Extracted records:
★ ★ ★
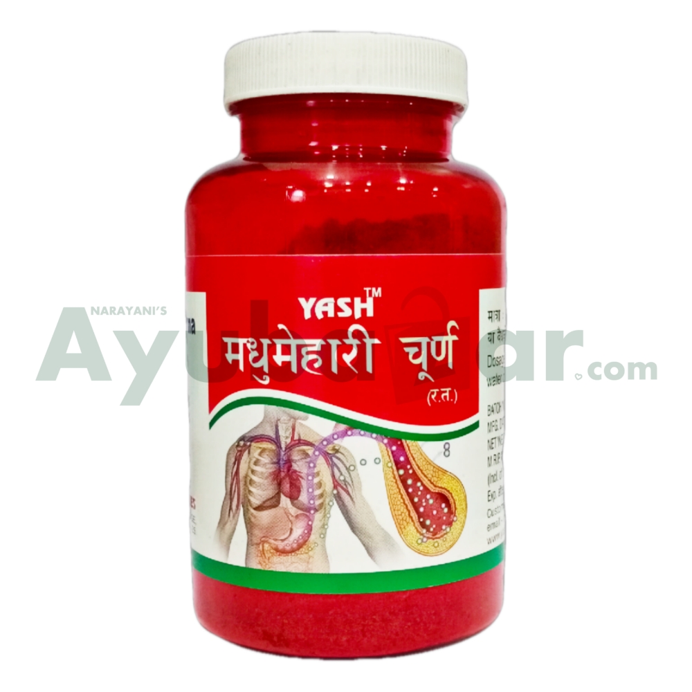 Yash Remedies Madhumehari Churna is an effective Ayurvedic formulation specially designed to manage blood sugar levels naturally. It combines powerful herbs traditionally known for supporting glucose metabolism and pancreas function. The churna works by enhancing insulin sensitivity and reducing sugar cravings. It helps in detoxifying the system and managing overall health in diabetic individuals. Suitable for long-term use under supervision, this blend aids in stabilizing energy levels and promoting wellness. It is a holistic support for diabetic care.
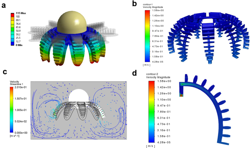 The soft robotic jellyfish is designed with manufacturability in mind. The use of readily available materials and 3D printing techniques ensures that the production process is both feasible and cost-effective. The hydraulic network actuators and submersible impellor pumps are commercially available components, simplifying the manufacturing process. The adaptive bioinspired controller, developed to maintain a predetermined depth using an onboard pressure sensor, has been demonstrated to work effectively in experimental settings. This approach ensures that the jellyfish can be produced at scale without significant increases in cost or complexity.
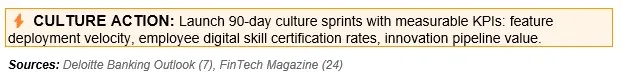 Technology and strategy fail without cultural alignment. Banking's traditional risk-averse, hierarchical culture conflicts with the speed, experimentation, and customer-centricity required for digital transformation. Successful banks systematically rebuild organizational culture around agility, innovation, and accountability.
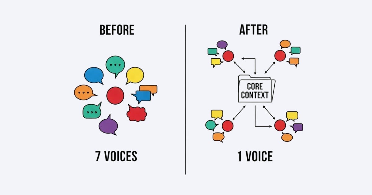 7 voices. Zero cohesion. That was my AI team.
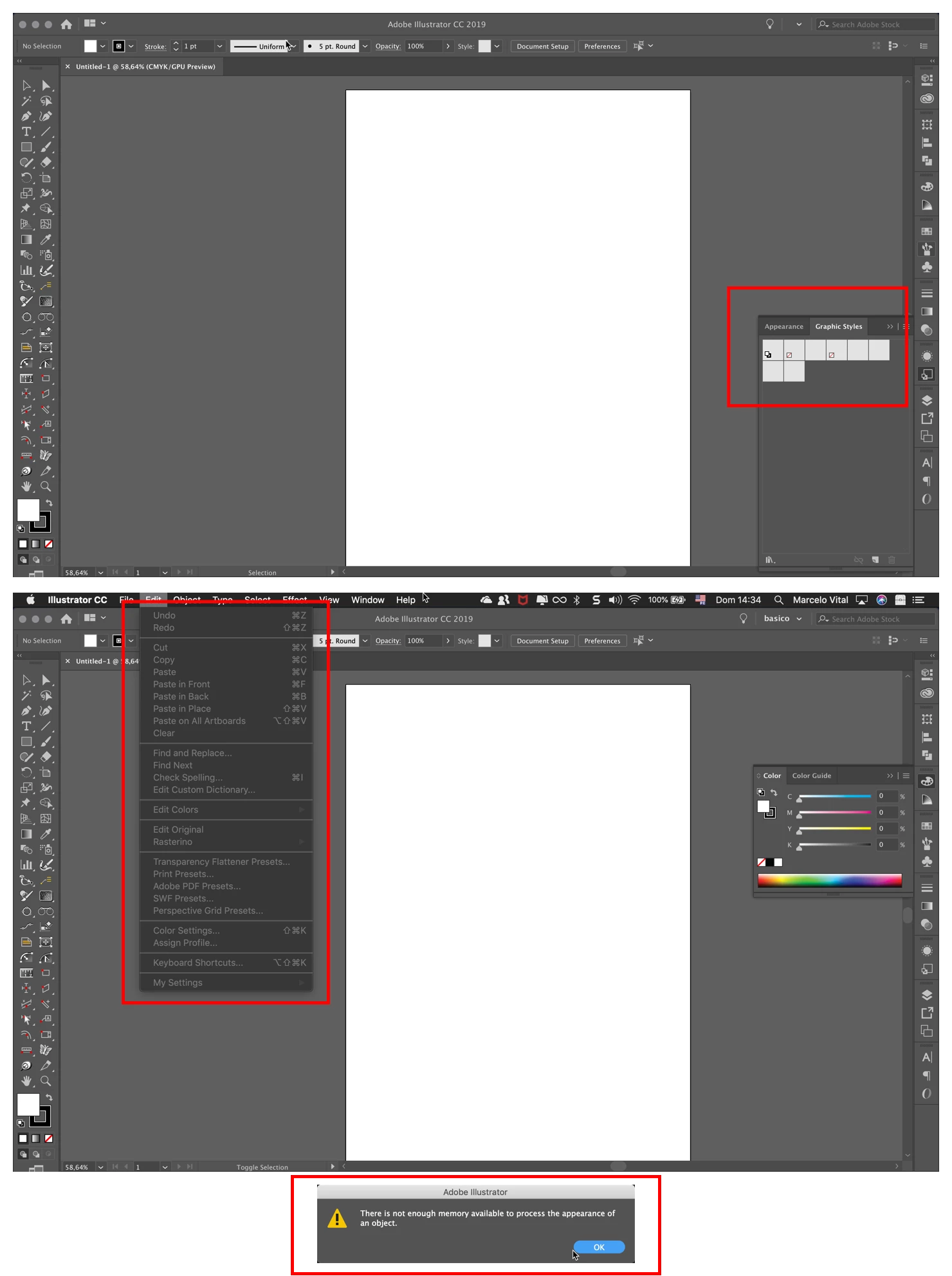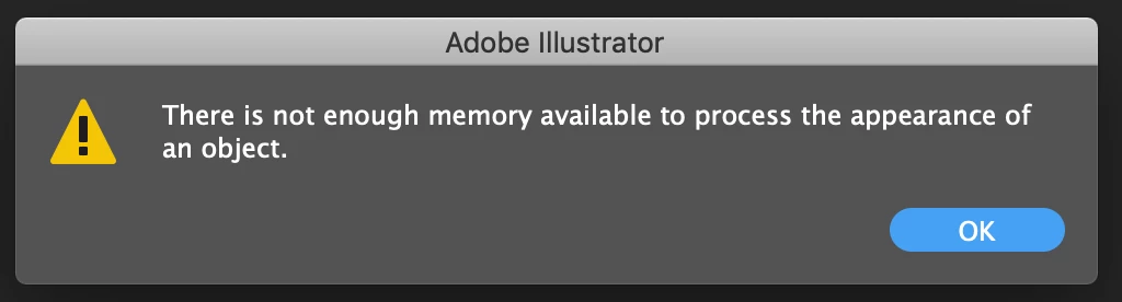 Adobe Illustrator cc 2019 "not enough memory (RAM)" issues running on Mac Pro
★ ★ ★
In the reply, each line of the data must appear exactly as written, and no picture may appear.

 Yash Remedies Madhumehari Churna is an effective Ayurvedic formulation specially designed to manage blood sugar levels naturally. It combines powerful herbs traditionally known for supporting glucose metabolism and pancreas function. The churna works by enhancing insulin sensitivity and reducing sugar cravings. It helps in detoxifying the system and managing overall health in diabetic individuals. Suitable for long-term use under supervision, this blend aids in stabilizing energy levels and promoting wellness. It is a holistic support for diabetic care.
 The soft robotic jellyfish is designed with manufacturability in mind. The use of readily available materials and 3D printing techniques ensures that the production process is both feasible and cost-effective. The hydraulic network actuators and submersible impellor pumps are commercially available components, simplifying the manufacturing process. The adaptive bioinspired controller, developed to maintain a predetermined depth using an onboard pressure sensor, has been demonstrated to work effectively in experimental settings. This approach ensures that the jellyfish can be produced at scale without significant increases in cost or complexity.
 Technology and strategy fail without cultural alignment. Banking's traditional risk-averse, hierarchical culture conflicts with the speed, experimentation, and customer-centricity required for digital transformation. Successful banks systematically rebuild organizational culture around agility, innovation, and accountability.
 7 voices. Zero cohesion. That was my AI team.
 Adobe Illustrator cc 2019 "not enough memory (RAM)" issues running on Mac Pro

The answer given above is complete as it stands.